Your output should be an exact copy of the records, with no pictures in it.

——————

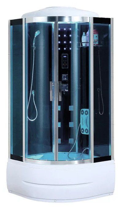 Душевая кабина Byon 2601 имеет удобное электронное управление. Габариты данной модели составляют ШхВхД (см): 90x215x90 см. Поддон имеет форму четверть круга, высоту 45 см, тип - высокий поддон. Материал изготовления поддона - акрил. Стекло используется тонированное (полупрозрачное). Кабина поставляется с крышей. Из особенностей данной модели стоит отметить, что у нее есть сиденье, есть гидромассаж. Наличие тропического душа: да.
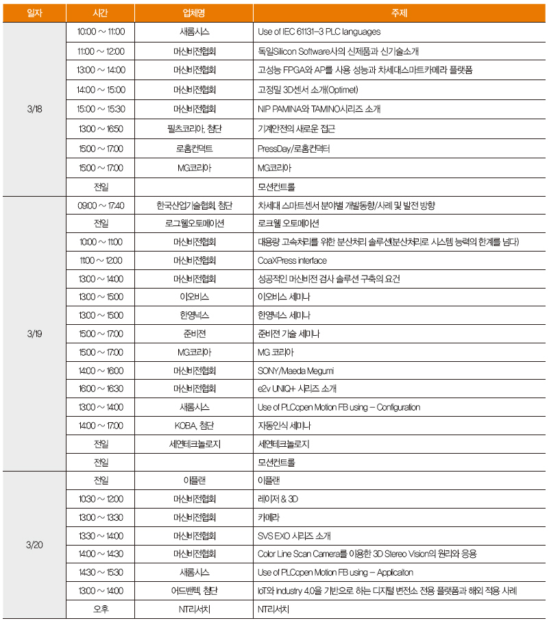 머신비전 컨퍼런스에서는 머신비전 검사 솔루션 구축 요건 및 신제품 신기술을 소개하며, 기계 안전 세미나에서는 기계 안전의 새로운 접근법 등을 집중 다룰 예정이다.
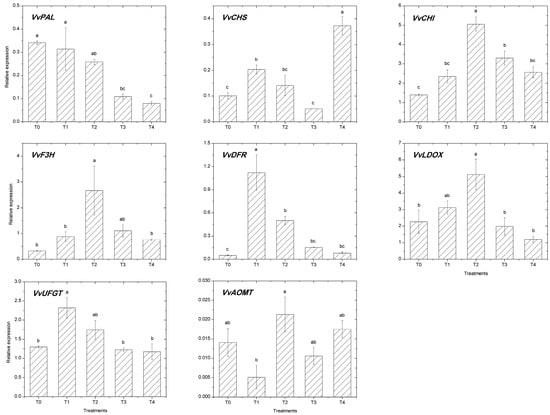 The product naringenin chalcone of chalcone synthase (CHS) can be used to synthesize anthocyanins, proanthocyanidins, and other phenolic compounds [34]. Delgado et al. [21] reported that the tannin content of the berry skin decreased initially after veraison, then increased around the 28th day after veraison and reached the maximum amount a few days before ripening. In this study, the VvCHS relative expression of T4 treatment was significantly higher than other treatments. This is probably related to the berry growth stage of T4 treatment occuring a few days before ripening, which needed higher VvCHS expression to provoke higher amount of tannin. The difference of VvCHS relative expression of T0, T1, and T3 treatments was not significant compared to T2 treatment.
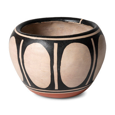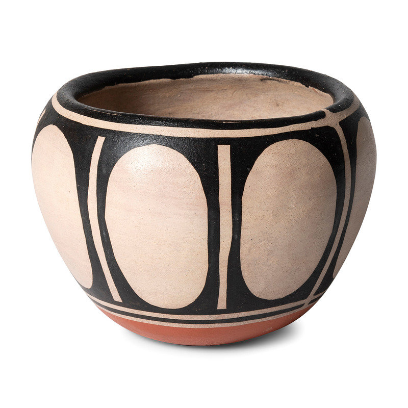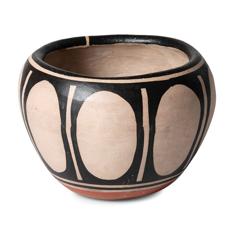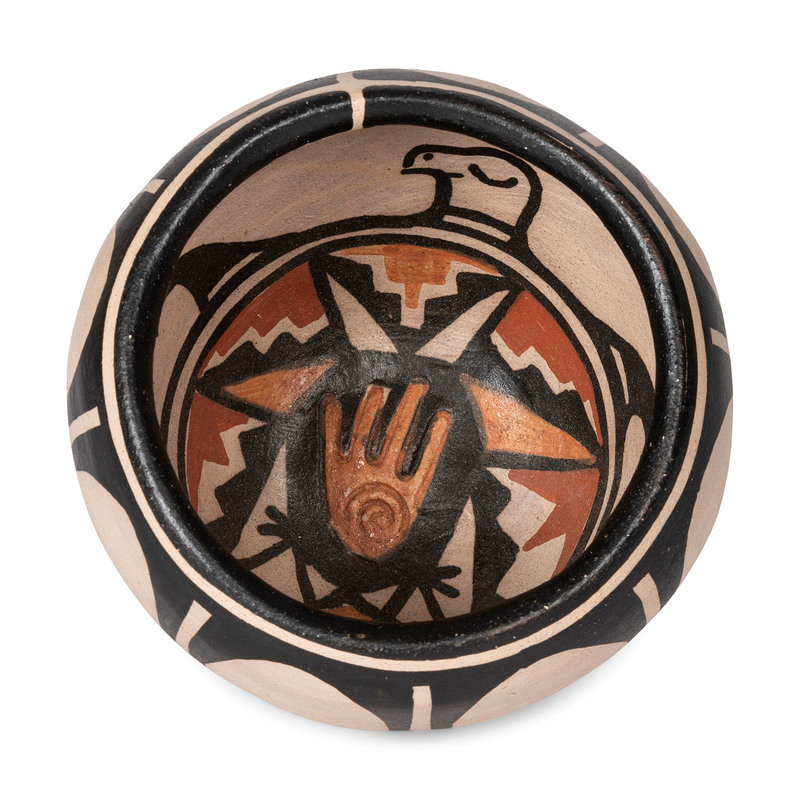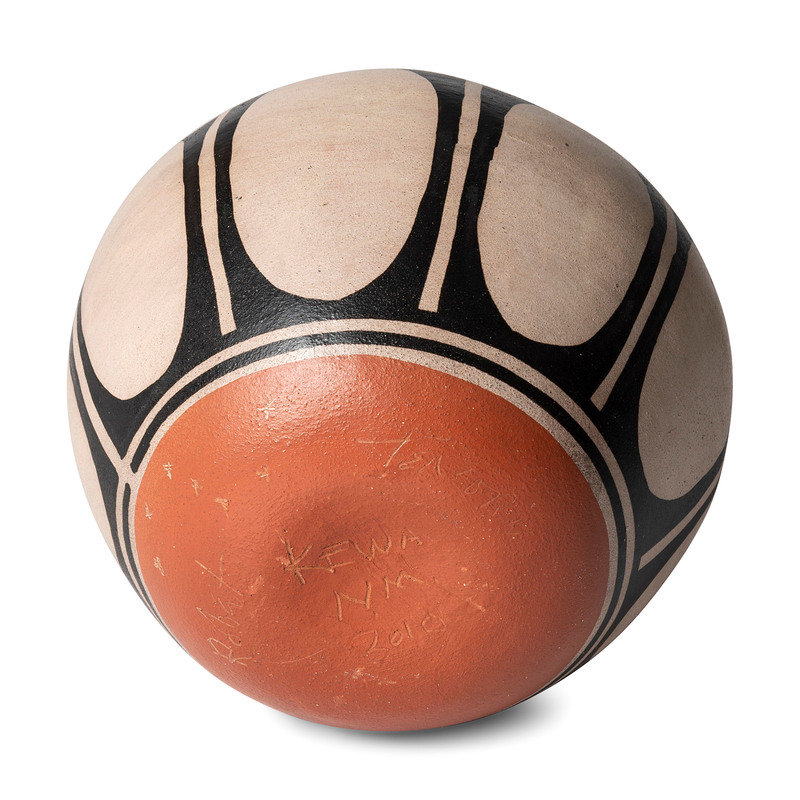 exterior painted with repeating geometric pattern; interior with turtle and Tenorio's hand hallmark; signed and dated on base
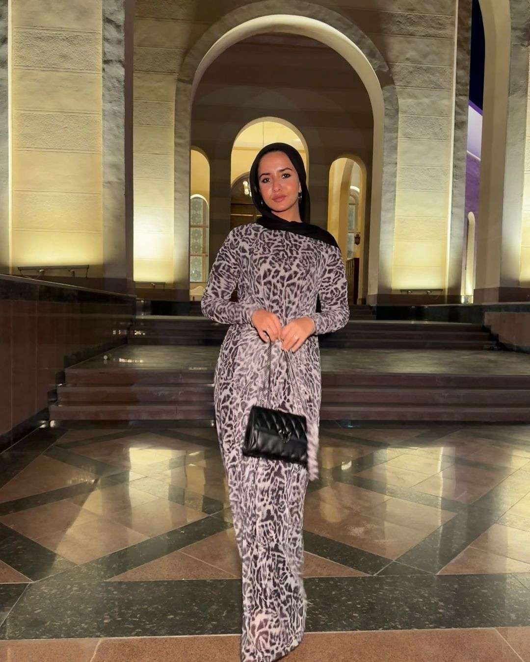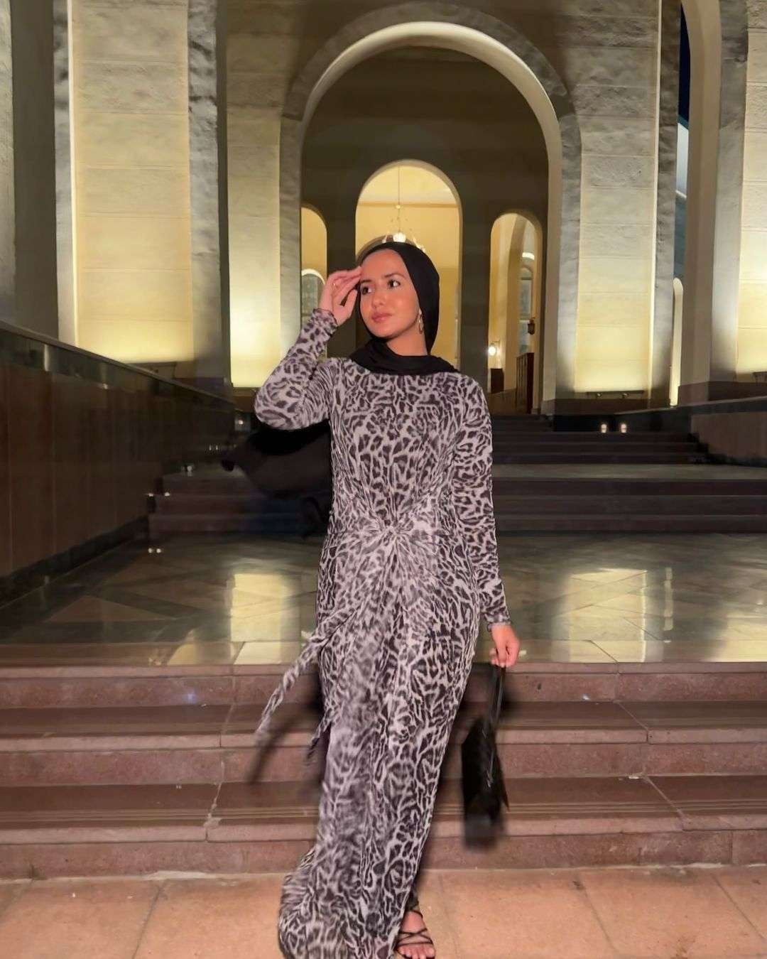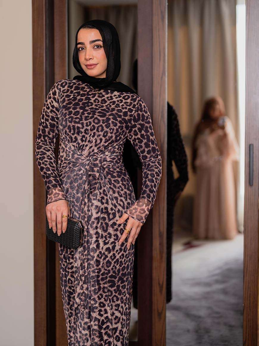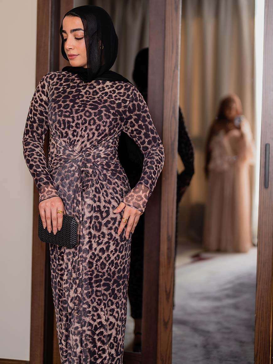 Cheetah printed long see through sleeves bodycon dress with wrapped waist
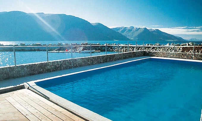 Luxury holidays with swimming pool, directly by the fjord surrounded by a fantastic fjord and mountain landscape. Great holiday apartment, living room with leather sofa, sound system, and large TV with many TV channels. High quality kitchen: Cooling drawer, wine cooler, ice maker and induction hob. From the living room and the master bedroom, there are large sliding doors to the terrace. Folding single beds with quality mattresses. The master bedroom has tiled bathroom and Geberit WC with flush and hair dryer. In front of the holiday apartment there is a lawn and a sheltered beach. 4,000 sqm common area for ball games, sandpit and play equipment. Communal outdoor 50 sqm swimming pool, open daily at 12-18.00, between 20.6-5.9. Temperature 20-26 degrees, weather dependent. On request, a barbecue hut and whirlpool can be rented. Good salmon river, Eira, 22 km. Trout Lake Målsvatnet, 9 km. 5-10 min. by boat to some of the best fishing spots in Norway. Fish cooking place in own building. The boats are for rent in the private marina. For rent, booked at the same time as booking the apartment: 1 x 16 foot boat with 15 HP engine 1 x 21 feet Øien 620F with 50 HP Suzuki 4-stroke engine, chartplotter / gps / sonar 1 x Benetau 680 with 115 hp engine, gps / echo sounder / chart plotter For companies that want to order this unit or one of the others the owners offer, please either contact the booking or post@danferie.no Wet card requirements for kayak rental.
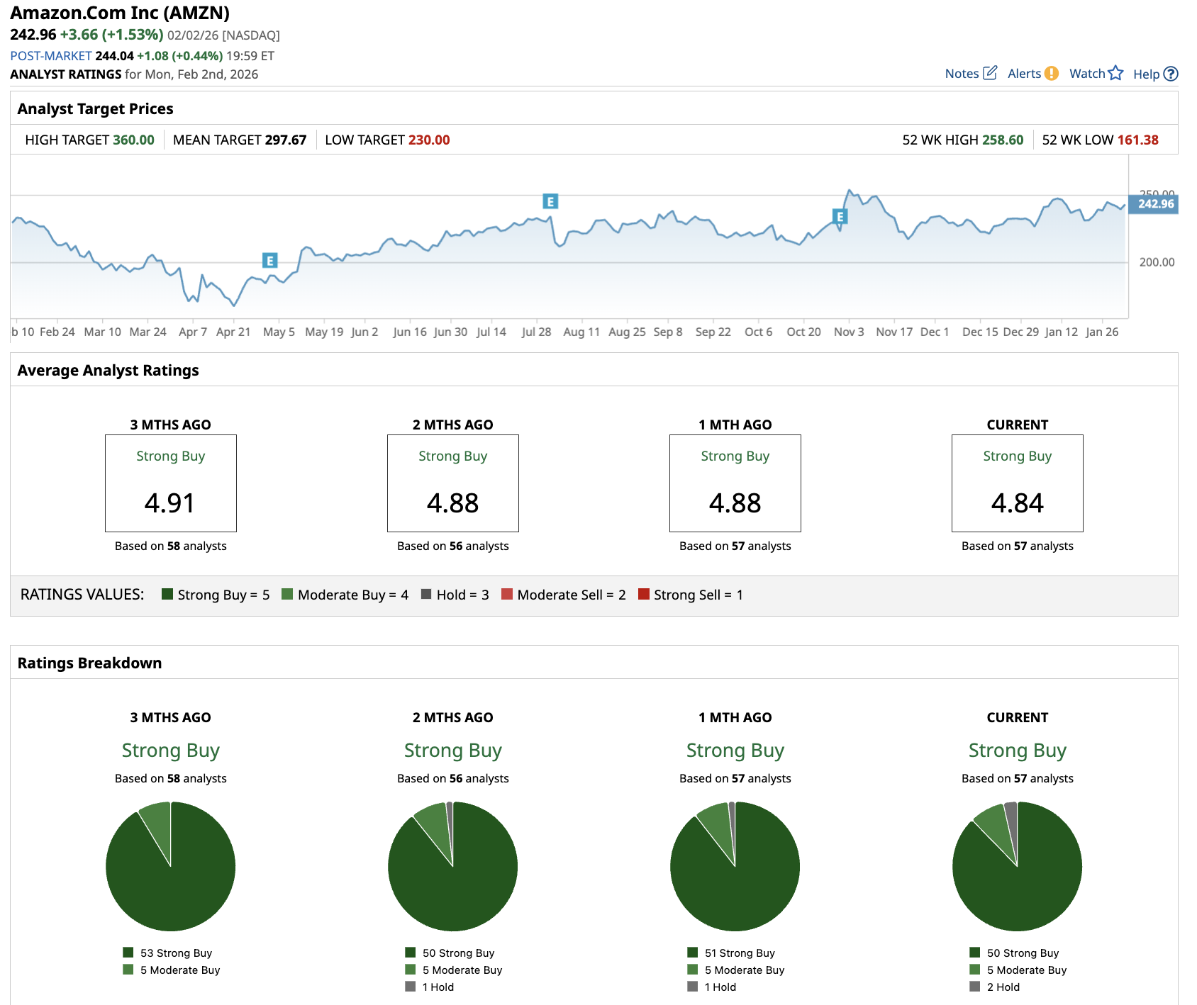 Out of the 57 analysts covering AMZN stock, 50 recommend “Strong Buy,” five recommend “Moderate Buy,” and two recommend “Hold.” The average Amazon stock price target is $297.67, above the current price of $243.
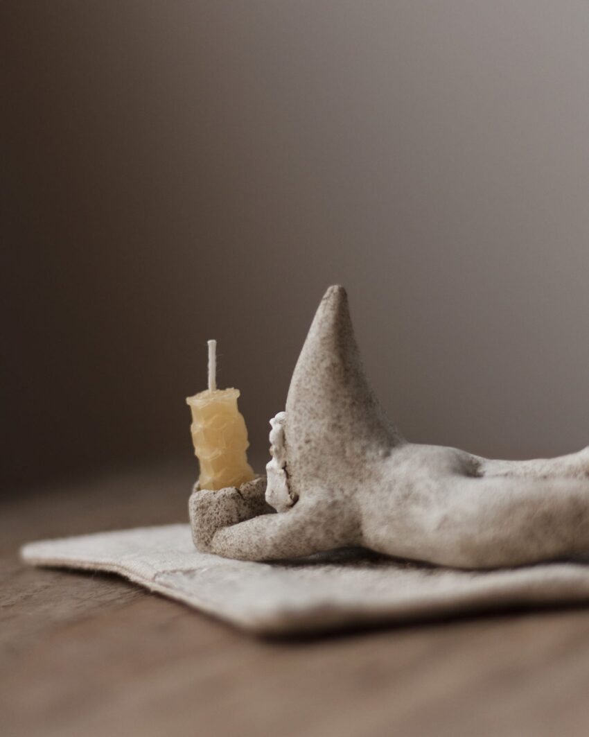 火を灯すとき、サンタを不燃性のお皿にのせてください。

——————

▶ YOUR SOLUTION
 Душевая кабина Byon 2601 имеет удобное электронное управление. Габариты данной модели составляют ШхВхД (см): 90x215x90 см. Поддон имеет форму четверть круга, высоту 45 см, тип - высокий поддон. Материал изготовления поддона - акрил. Стекло используется тонированное (полупрозрачное). Кабина поставляется с крышей. Из особенностей данной модели стоит отметить, что у нее есть сиденье, есть гидромассаж. Наличие тропического душа: да.
 머신비전 컨퍼런스에서는 머신비전 검사 솔루션 구축 요건 및 신제품 신기술을 소개하며, 기계 안전 세미나에서는 기계 안전의 새로운 접근법 등을 집중 다룰 예정이다.
 The product naringenin chalcone of chalcone synthase (CHS) can be used to synthesize anthocyanins, proanthocyanidins, and other phenolic compounds [34]. Delgado et al. [21] reported that the tannin content of the berry skin decreased initially after veraison, then increased around the 28th day after veraison and reached the maximum amount a few days before ripening. In this study, the VvCHS relative expression of T4 treatment was significantly higher than other treatments. This is probably related to the berry growth stage of T4 treatment occuring a few days before ripening, which needed higher VvCHS expression to provoke higher amount of tannin. The difference of VvCHS relative expression of T0, T1, and T3 treatments was not significant compared to T2 treatment.
 exterior painted with repeating geometric pattern; interior with turtle and Tenorio's hand hallmark; signed and dated on base
 Cheetah printed long see through sleeves bodycon dress with wrapped waist
 Luxury holidays with swimming pool, directly by the fjord surrounded by a fantastic fjord and mountain landscape. Great holiday apartment, living room with leather sofa, sound system, and large TV with many TV channels. High quality kitchen: Cooling drawer, wine cooler, ice maker and induction hob. From the living room and the master bedroom, there are large sliding doors to the terrace. Folding single beds with quality mattresses. The master bedroom has tiled bathroom and Geberit WC with flush and hair dryer. In front of the holiday apartment there is a lawn and a sheltered beach. 4,000 sqm common area for ball games, sandpit and play equipment. Communal outdoor 50 sqm swimming pool, open daily at 12-18.00, between 20.6-5.9. Temperature 20-26 degrees, weather dependent. On request, a barbecue hut and whirlpool can be rented. Good salmon river, Eira, 22 km. Trout Lake Målsvatnet, 9 km. 5-10 min. by boat to some of the best fishing spots in Norway. Fish cooking place in own building. The boats are for rent in the private marina. For rent, booked at the same time as booking the apartment: 1 x 16 foot boat with 15 HP engine 1 x 21 feet Øien 620F with 50 HP Suzuki 4-stroke engine, chartplotter / gps / sonar 1 x Benetau 680 with 115 hp engine, gps / echo sounder / chart plotter For companies that want to order this unit or one of the others the owners offer, please either contact the booking or post@danferie.no Wet card requirements for kayak rental.
 Out of the 57 analysts covering AMZN stock, 50 recommend “Strong Buy,” five recommend “Moderate Buy,” and two recommend “Hold.” The average Amazon stock price target is $297.67, above the current price of $243.
 火を灯すとき、サンタを不燃性のお皿にのせてください。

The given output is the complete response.